If you want keywords to participate in a multimethod hierarchy, you must 
qualify them. 

You can however make up some namespace and use it throughout your code, so 
instead of 
::foo, you'll use :my-ns/foo. This namespace don't have to the current or 
even a real one.

Jozef

On Saturday, August 9, 2014 9:49:58 PM UTC+2, larry google groups wrote:
>
> Thank you for the responses. However, when I look here:
>
> http://clojure.org/multimethods
>
> I see that it says:
>
> "You can define hierarchical relationships with (derive child parent). 
> Child and parent can be either symbols or keywords, and must be 
> namespace-qualified"
>
> Is there any way I can establish a hierarchical relationship without it 
> being name-spaced qualified?
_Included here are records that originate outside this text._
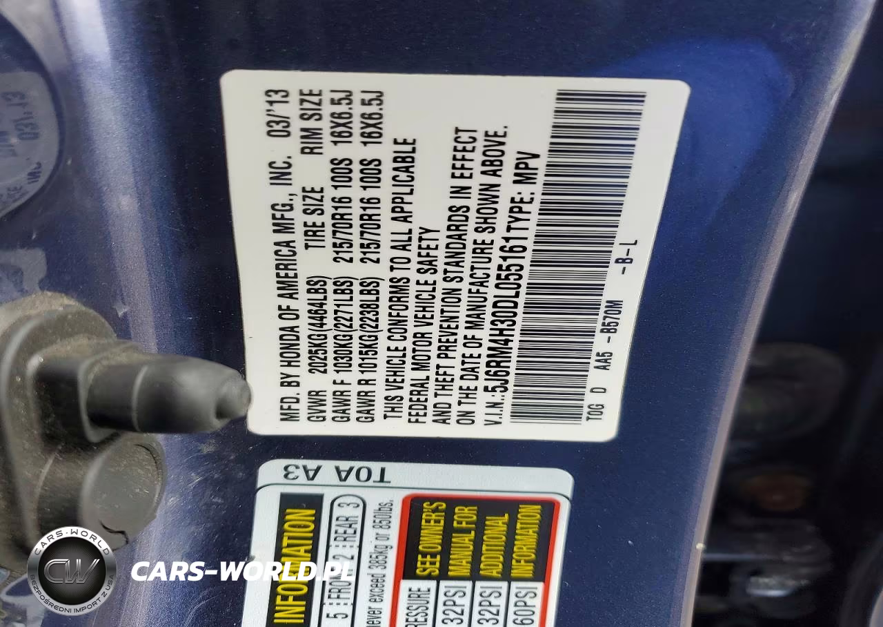 Copart Nr: C-46298246 VIN: 5J6RM4H30DL055161 Port: Indianapolis, IN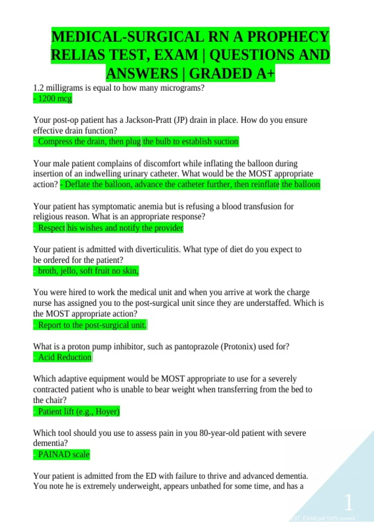 ,Page 2 of 17 MEDICAL-SURGICAL RN A PROPHECYMEDICAL-SURGICAL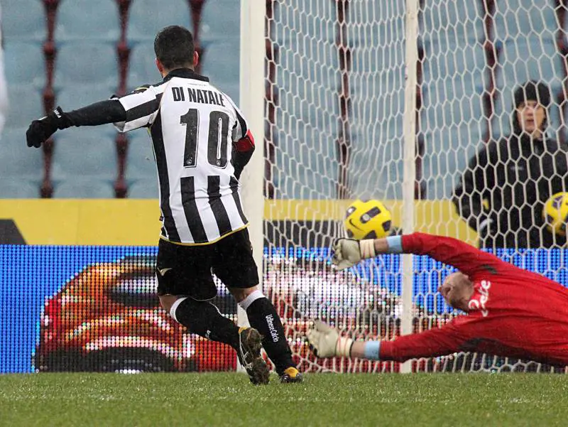 La tripletta di Di Natale Di Natale bussa due volte nel primo tempo. Al 16’ sblocca il risultato trasformando un rigore assegnato per l’intervento di De Sanctis su Sanchez. Il bis arriva al 45’ con una prodezza balistica: il capitano spara da 25 metri, palla all’incrocio dei pali e De Sanctis si arrende di nuovo. Il Napoli è un fantasma e incassa anche il terzo ceffone dopo l’intervallo. Di Natale, tanto per cambiare, calcia un corner. Hamsik è osceno nella copertura del primo palo: 3-0 al 57’. Lo slovacco ha il merito di riscattarsi immediatamente dall’altra parte. Botta secca, Handanovic resta a guardare e 3-1 al 58’.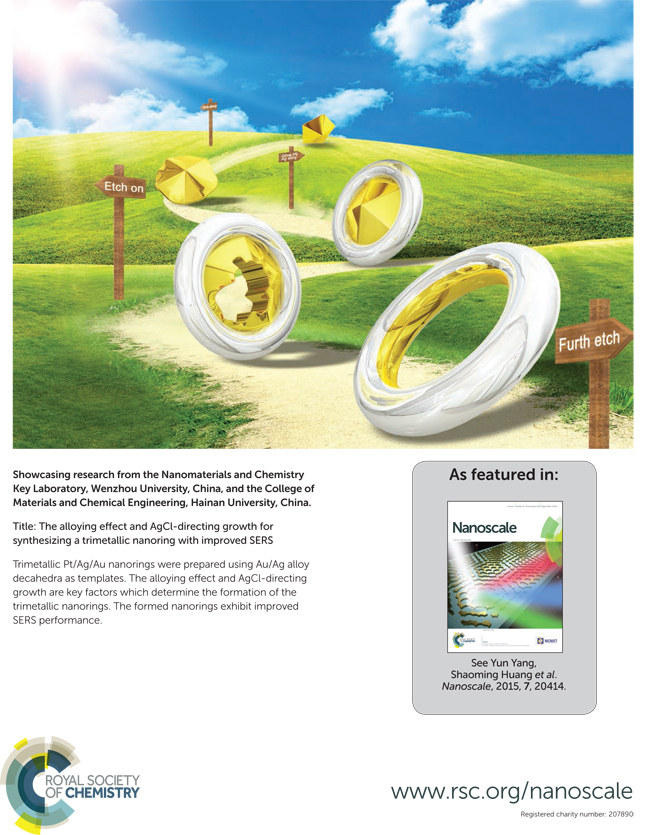 以Au十面体和八面体纳米颗粒为模板,通过选择性刻蚀反应制备了Pt纳米环(ACS Nano,2012,6, 4072-4082)。并进一步改进该方法,将纳米环的产率大大提高(Nanoscale, 2015,7,20414-20425, Back cover)。此外,通过类似的过程合成了其它的纳米框(RSC Advances, 2015, 5, 103797-103802)。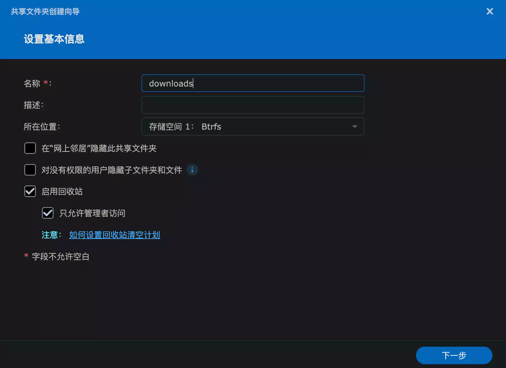 到 控制面板 -> 共享文件夹 中创建一个共享文件夹,例如 downloads。

I would like to be able to (slingshot/throw+ 
> {:type some-symbol}) and have this be caught in a different namespace, but 
> I need a way to match the some-symbol, and I would ideally like it if 
> some-symbol 
> might be part of a hierarchy, such that I'm matching again some-symbol's 
> parent. 
>
> Is that possible? 
>
> I guess I could hard-code all of the namespaces, such that the symbols are 
> all:
>
>  some-namespace/some-symbol 
>
> but that does great reduce the flexibility of the system.
>
>
>  
>
>
>
> On Saturday, August 9, 2014 3:30:33 PM UTC-4, James Reeves wrote:
>>
>> Jozef is correct, but to give some examples:
>>
>> (ns example.core
>>   (:require [example.other :as other]))
>>
>> (= ::foo :example.core/foo)
>> (= ::other/foo :example.other/foo)
>>
>> (not= :foo :example.core/foo)
>> (not= :example.core/foo :example.other/foo)
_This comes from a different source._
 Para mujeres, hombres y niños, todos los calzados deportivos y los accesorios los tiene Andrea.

>> (not= :other/foo ::other/foo)
>>
>> - James
>>
>>
>>
>> On 9 August 2014 19:14, Jozef Wagner <jozef....@gmail.com> wrote:
>>
>>> Keep in mind that :: is just a syntax sugar that is processed by the 
>>> reader, before the compiler kicks in. ::foo is a shorthand for 
>>> :your.current.ns/foo. Its purpose is to make it easy to create keywords 
>>> that do not clash with other ones. 
>>>
>>> Keywords are equal (and identical) only when both of their namespaces 
>>> and names are equal. :ns1/foo is thus not equal to :ns2/foo, nor to just 
>>> :foo. :: is used in cases where you want to exploit this important 
>>> property of keywords, so that your keyword won't e.g. clash with other 
>>> keywords in a collection, contents of which you don't know.
>>>
>>> Jozef
>>>
>>>
>>> On Saturday, August 9, 2014 7:46:45 PM UTC+2, larry google groups wrote:
>>>>
>>>> Please forgive this stupid question, but I'm still trying to understand 
>>>> exactly what the double "::" means. I have read that I can use (derive) to 
>>>> establish a hierarchy and I can imagine how this would be useful for 
>>>> things 
>>>> like throwing errors and catching them and logging, but I've also read 
>>>> that 
>>>> "::" adds the namespace to the symbol, so I would assume that I can not 
>>>> match ::logging from one namespace with ::logging from another? 
>>>>
>>>> I'm thinking of this especially in my use of Slingshot, where I was 
>>>> thinking of doing something like: 
>>>>
>>>> (throw+ {:type ::database-problem :message "something wrong in the 
>>>> database query"})
>>>>
>>>> and then at a higher level in my code I was going to catch it with 
>>>> something like: 
>>>>
>>>> (derive  ::database-problem ::logging)
>>>>
>>>> and then using Dire: 
>>>>  
>>>> (dire/with-handler! #'database/remove-this-item
>>>>   [:type ::logging]
>>>>   (fn [e & args]
>>>>     (timbre/log (str " database/remove-this-item: The time : " 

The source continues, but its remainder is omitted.